Hapag-Lloyd decided that after 2014 they would not renew the charter of the Columbus 2, in favor of focusing their luxury product. Insignia rejoined the Oceania fleet on 31 May 2014.

==Engine fire==
On 11 December 2014 whilst alongside in Castries, St. Lucia, Insignia experienced a major fire in her engine room. Two Wartsila N.A. field service engineers and one crew member, working in the engine room at the time, lost their lives. The resulting damages made it necessary to end the voyage started just 4 days prior in Miami. All passengers were disembarked and flown to their home towns. After minor repairs to restore power, MS Insignia was towed to San Juan, Puerto Rico where she was fully repaired.

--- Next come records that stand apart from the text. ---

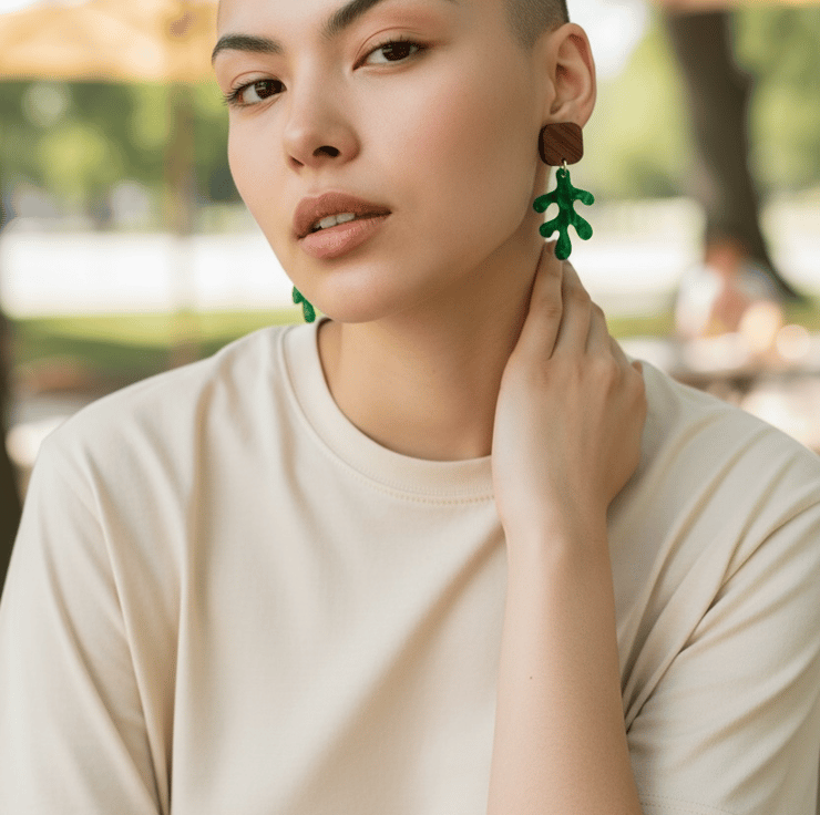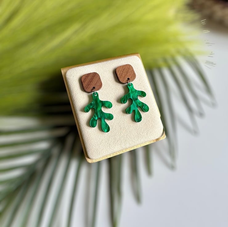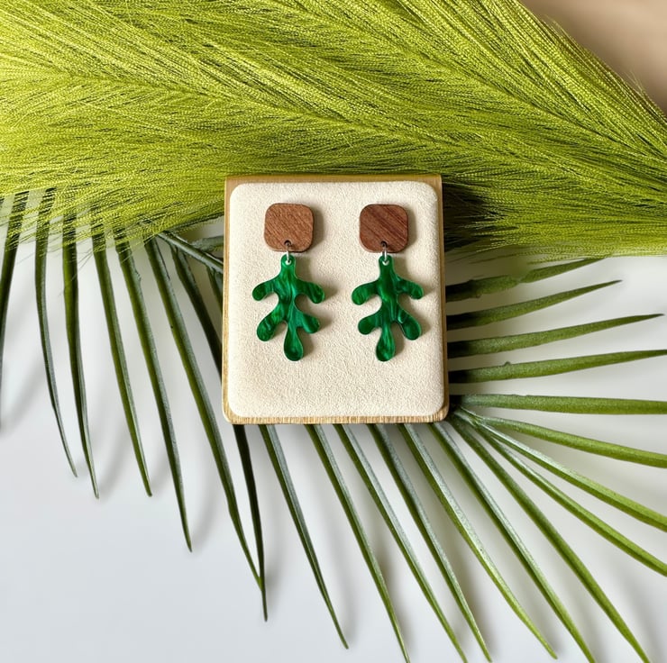 Accompanied by a Matisse inspired Freeform flowing shape in gorgeous forest green pearlised marble acrylic.
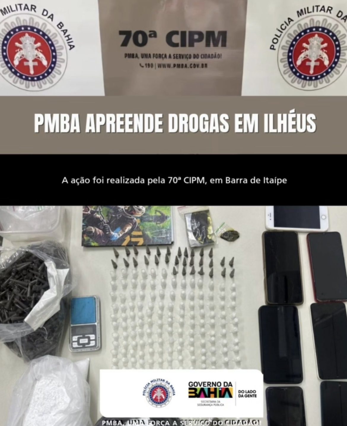 Uma ação da Polícia Militar resultou na apreensão de drogas e aparelhos celulares na tarde de sábado (21), na Rua Guanabara, bairro Barra de Itaípe, em Ilhéus.
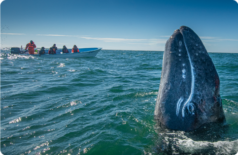 Sightings vary throughout the season. The first gray whales to arrive are usually adults coming to mate. As the season progresses, more whales fill the lagoon, and by early February, the first newborn calves begin to appear. Soon, the lagoon is bustling with mothers and babies, busy training for their long journey north. Towards the end of the season, the calves often become especially friendly.
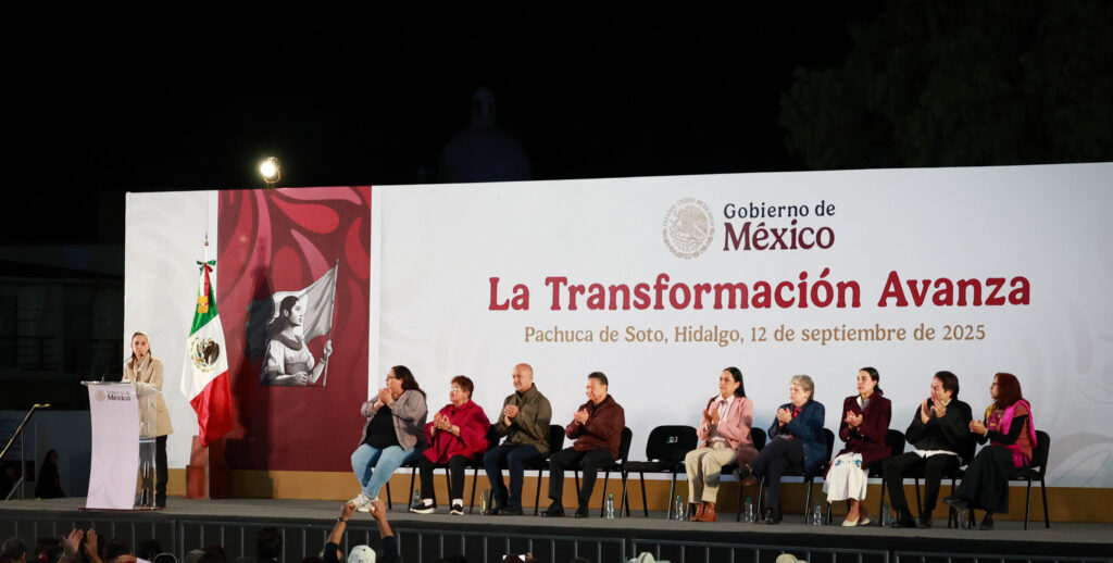 Pachuca, Hgo., 12 de septiembre de 2025.– En un acto que reunió a miles de asistentes, la presidenta de México, Claudia Sheinbaum Pardo, presentó en Hidalgo un informe de resultados acompañado por el gobernador Julio Menchaca Salazar, quien destacó la relevancia de las obras federales que actualmente se realizan en la entidad.
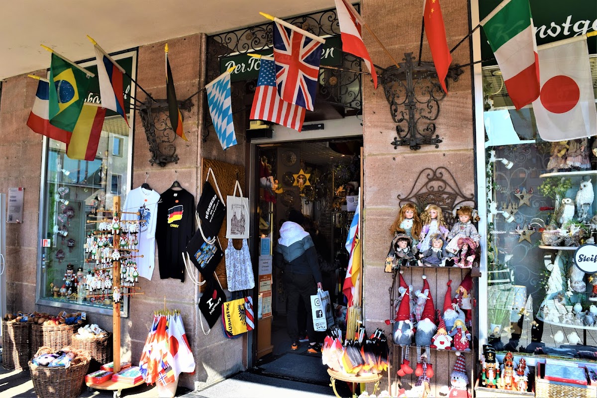 A little souvenir shop (their main store) is what I describe this one, and it's quite typical of German souvenir shops catering to (international) tourists, I'd say. However, this store is filled to the brim with what you can normally expect from any German souvenir stores and with some local specialties (I don't recommend to go in this shop with large backpack--you'll find it very difficult to maneuver around with it). I noticed suggested one-way arrows on the floor--I think most folks observed it. They sell: biersteins and krüge, cuckoo clocks (not great selections--you really need to go to the Black Forest region for real good ones IMHO), nutcrackers, rauchmann, Christmas ornaments, pewter (painted [and unpainted] Franconian zins) and crafted items, pottery of all kinds and souvenirs. Here's the interesting and proud store history from their website:
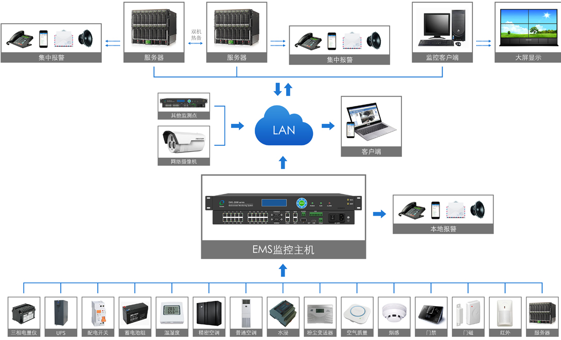 EMS系列監(jiān)控主機(jī)主要用以采集數(shù)據(jù)、處理數(shù)據(jù),可對環(huán)境、運行負(fù)載、設(shè)備溫升、局放工況、安防、視頻、消防、智能設(shè) 備等進(jìn)行一體化監(jiān)控。在實際應(yīng)用中,與不同類型的傳感器相連,布線簡潔,操作方便。
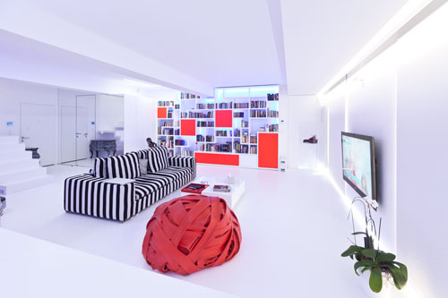 Majoritatea pieselor de mobilier este realizata la comanda. Lavoarul negru (care face parte din colectia "Pear", semnata de Patricia Urquiola), a fost, de asemenea, creata la comanda, conform dorintelor designerilor, fiind creata in varianta de negru, in locul celei pe alb. Scaunul este, la randul sau, o piesa de mobilier de sine statatoare, apartinand colectiei "Noodle chair", conceputa de Arne Quinze.
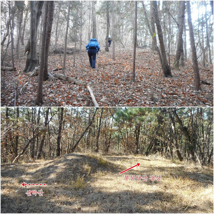 200m정도 떨어져있는 부문당산 정상을 찍고 되돌아와서 좌측 능선길로 해서 신박산으로 이어
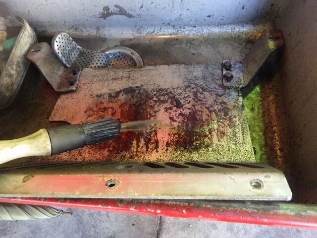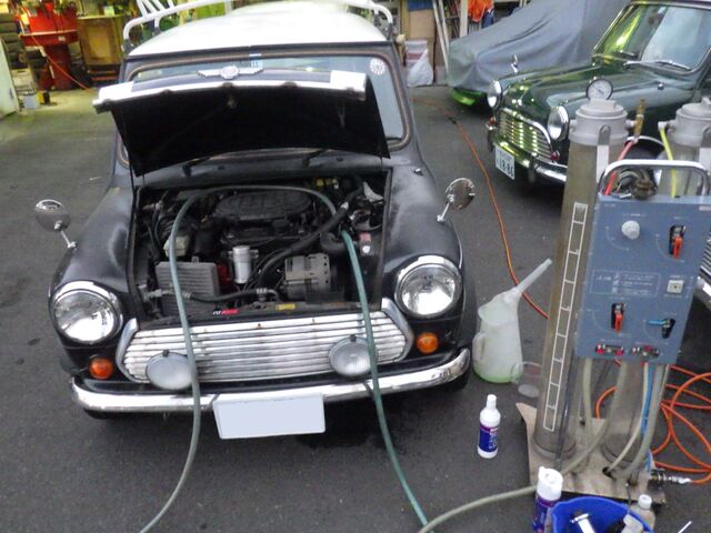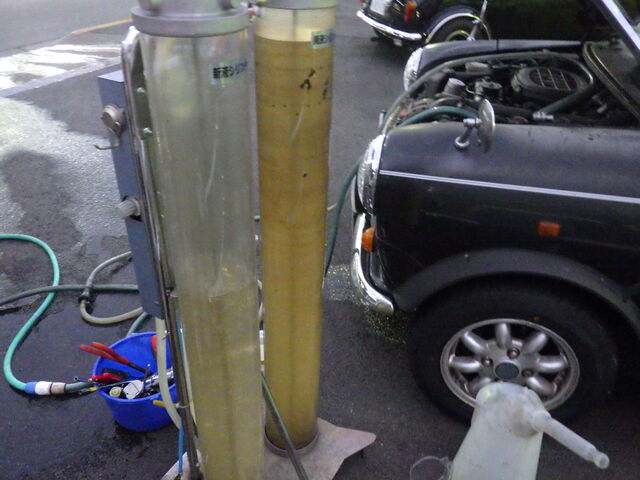 ホースを入れ替えてラジエーターとヒーターコアを逆流吸い出し。こちらも汚れが溜まっていました。
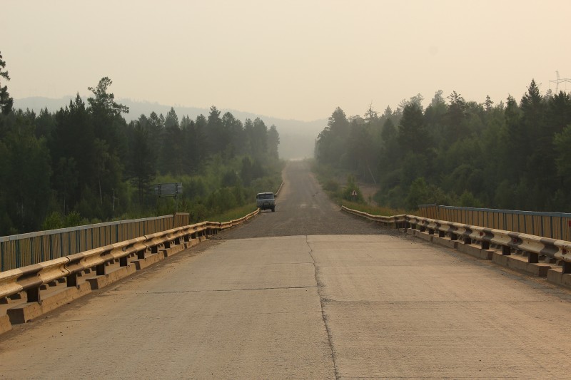 Между Кодинском и Богучанами – гравийка. Сначала показалась хорошей, но потом увидел, как по ней едут легковушки — когда начинается «стиральная доска» они становятся не управляемыми, толком не тормозят и не рулятся – УАЗ более менее управляется. Только часто появлялось чувство, что УАЗик зарывается. Сказать, что дорога пыльная – ни чего не сказать.

The ship was back in service by 22 March 2015 to start a world cruise from Singapore. The delayed departure date for the cruise resulted in a heavily modified itinerary, although many of the principal cruise destinations were still visited.

== Sale ==
The Holding Company Norwegian Cruise Line Holdings chartered her and the Seven Seas Navigator to Crescent Seas in 2025. She will join the fleet in the end of 2027.

It was announced in November 2025, Crescent Seas would no long charter the ship, moving forward with a new build. Insignia will remain in the fleet.